ULU BİR ÇINARDIR BİZİM DAVAMIZ 

Geleceğimizi inşa için geçmişimizi çok iyi bilmemiz gerekir. Bu ülke geçmişi ile acıların her çeşidine şahitlik etmiş bir ülkedir.

İslam Ümmeti olarak milyonları aşan sınırları içerisinde, tarihten bu yana, mazluma yoldaş, mağdura kardeş olmuş bir milletiz.

Bizim üç kıtaya hükmetmemizin sebebi Kutsal kitabımız olan Kuranı Kerimi, hayatımızın her alanında kendimize rehber edinmemizdir.

Bu sebeple din, dil, ırk gözetilmeksizin, cihan devleti olan Osmanlının kucaklayan duruşu, uzun bir aradan sonra tekrar gündeme gelmiştir.

Haçlı zihniyeti, içerideki gayr-i milli işbirlikçileri ile Osmanlının mirası olan bu milletin zihin kodları ile oynayarak , toplumu milli ve manevi değerlerinden uzaklaştırıp,adeta yaşayan bir ceset haline getirdiler.

Jön Türklerin Avrupa’dan ithal ettiği düşüncenin adı; Çağdaşlık adı altında cahiliyedir. Medeniyet adı altında çıplaklıktır. Fetö ve havarilerinin meydana getirdiği ise cumhuriyetin kurulduğu ilk yıllardan, günümüze uzanan bir tuzaktır.

Uzun bir zamandan beri uyutulmak istenen bu millet, Çanakkale’de irkilmiş, 15 Temmuzda ise kendine gelmiştir.

Osmanlıyı dışarıdan yıkamayan şer odakları,satılmış Jön Türkler ile koskoca imparatorluğu yıktılar. Aynı senaryoyu 15 Temmuz gecesinde, akılları, ruhları, bedenleri satılmış olan Jön Türklerin torunları, hain FETÖ örgütü ile bu senaryoyu tekrar oynayıp, Türkiye’yi bölmeye çalıştılar.

O gece milletin vergisi ile, alın teri ile alınan uçakları, tankları, silahları milletin kendisine doğrulttular.

Din dediler, dinsizlere uşak oldular,

Kutsiyet dediler, milletin maneviyatını çaldılar,

Altın nesil dediler, Akrep Nesil oldular,

Dua dediler, ümmete beddua ettiler,

Bu ülkenin maneviyatını İslam adı altında çalmaya çalışan FETÖ, Siyonistlerin, Emperyalistlerin, ülkemiz üzerindeki kirli oyunlarının maşalığını yaptılar.

Ey Siyonistler!

Ey Emperyalistler!

Ey Fetenyahular!

Bu toprakların mayasında, özünde Birlik Beraberlik, Kardeşlik, Kaynaşma, Dayanışma, Yardımlaşma ve paylaşma vardır.

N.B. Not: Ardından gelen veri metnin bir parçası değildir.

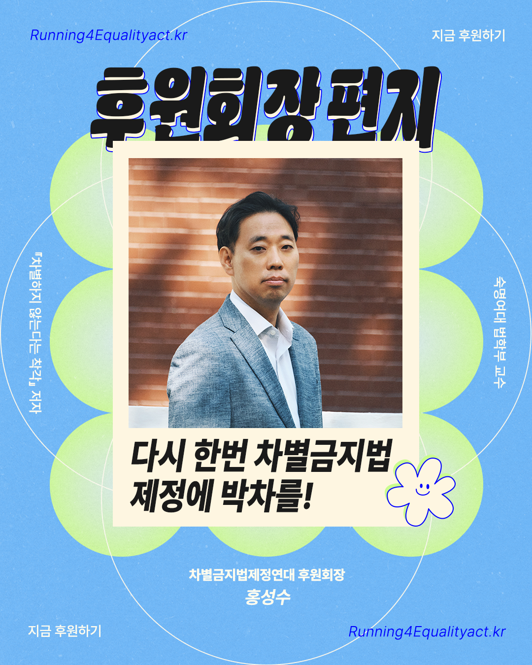 ✉️ [후원회장 편지] 다시 한번 차별금지법 제정에 박차를!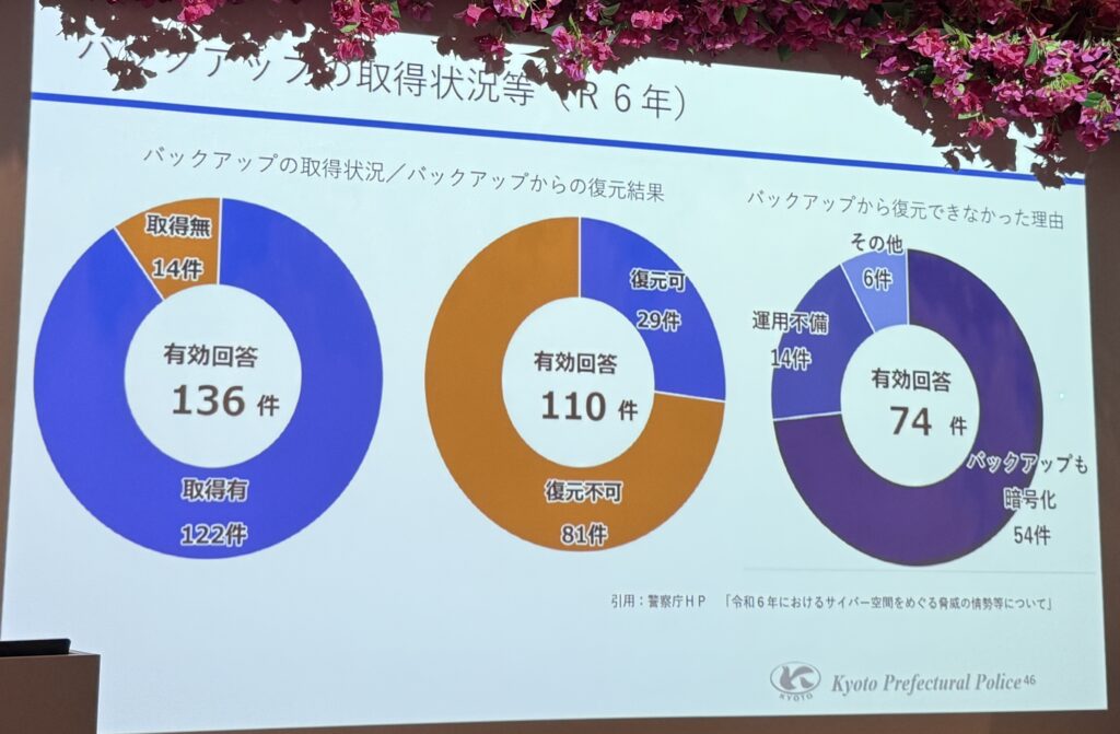 バックアップから復元できなかった理由ですが、「バックアップも暗号化されていた」という理由が74件中54件という結果でした。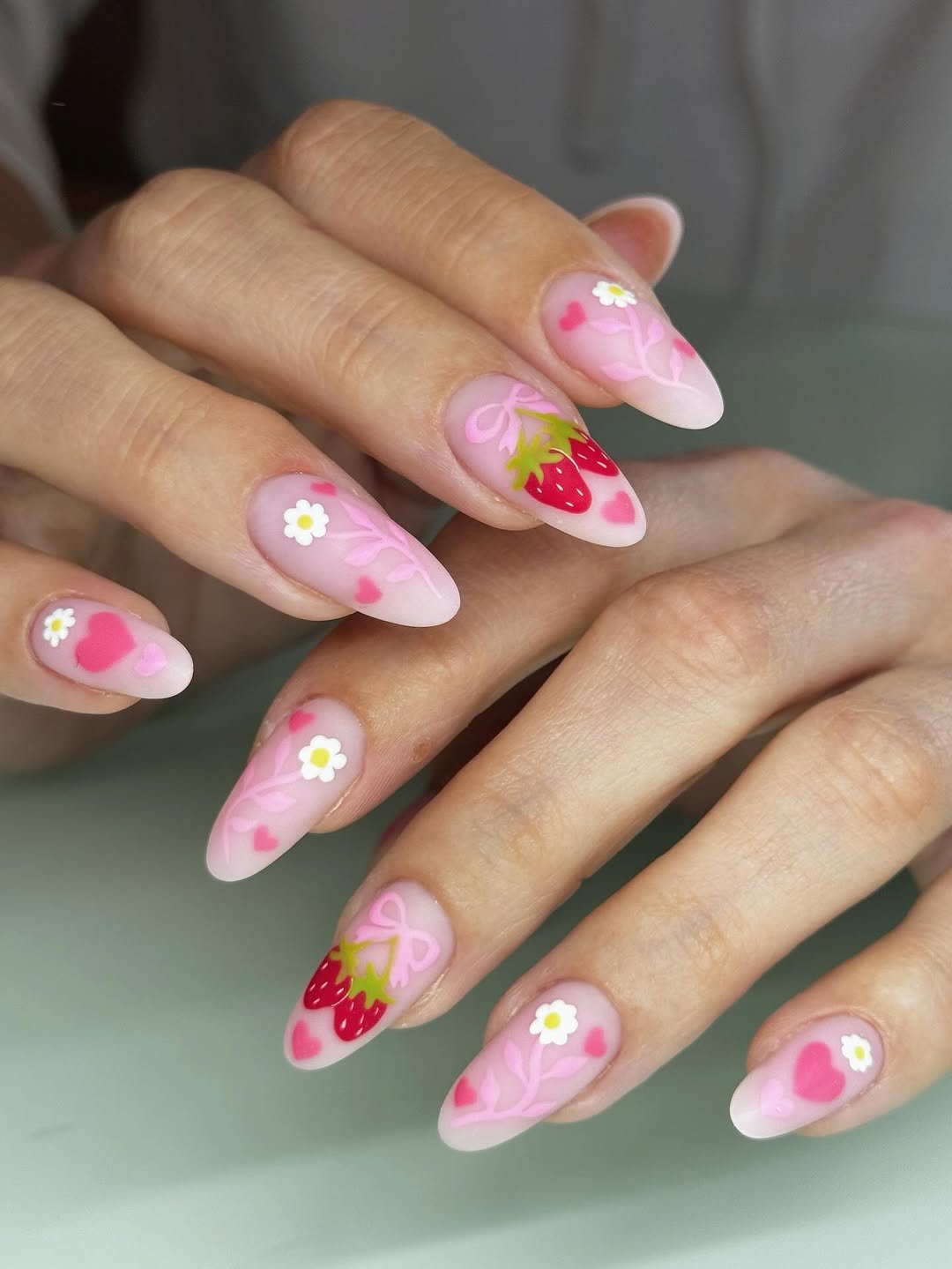 These nails look like they belong in a candy-colored daydream. Tiny hearts, miniature daisies, and bright red strawberries pop against a soft pink base, giving the whole design a playful, romantic feel.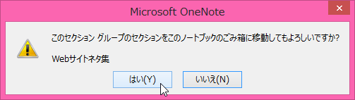 - 「次のセクショングループのセクションをこのノートブックのごみ箱に移動してもよろしいですか?」という確認メッセージが表示されるので、削除する場合は[はい]ボタンをクリックします。
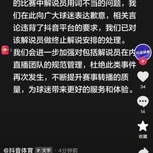 13 01月 2026 29 CBA官方解说出现争议言论!抖音体育深夜致歉 1月7日深夜,抖音体育在官方账号发文称,关注到CBA广东队对深圳队的比赛中解说员用词不当的问题,在此向广大球迷表达歉意,... 英超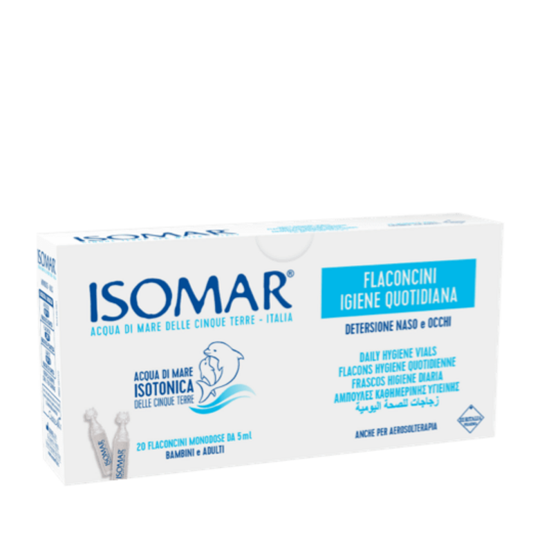 Isomar Flaconcini Igiene quotidiana è indicato per la detersione anche quotidiana di naso, orecchie e occhi. Utilizzabile anche in aerosol terapia

Bu toprakların çimentosu, İslam kardeşliğidir. Onun için gücünüz ve kirli oyunlarınız bu toprakları bölemeyecektir, diz çöktüremeyecektir.

Bu yüzden Bizler 15 Temmuzun nöbetçisi, 16 Nisanın EVET cisiyiz.

Köy Enstitüleri adı altında Anadolu köylüsünün milli ve manevi değerlerini altüst edip komünistleştiren zihniyeti unutmadık, unutturmayacağız.

Yine Halk evleri adı altında camilerimizi, medreselerimizi, mabetlerimizi İngilizlere, Ruslara satan, camilerimizi ahıra çeviren zihniyeti unutmadık, unutturmayacağız.

Yakın tarihimize baktığımızda Aynı zihniyet, Üniversiteyi birincilikle bitiren kızlarımızı yemin törenlerinde alaşağı etmedi mi? Okullara başı örtülü çocuklarımızın girişleri engellenmedi mi? İmam hatip nesline katsayı prangası vurulmadı mı? Kutsal kitabımız olan Kuranı Kerimi öğrenme ve öğretmeye 12 yaş engeli getirmediler mi? Sekiz yıllık kesintisiz eğitim sistemi ile İmam Hatiplerin orta kısımlarını kapatmadılar mı? Milletin oylarıyla seçilen Merve Kavakçılar meclisten yuhalanarak atılmadılar mı? Savunan Adam Necmeddin Erbakan Hocamıza siyasi yasak getirmediler mi?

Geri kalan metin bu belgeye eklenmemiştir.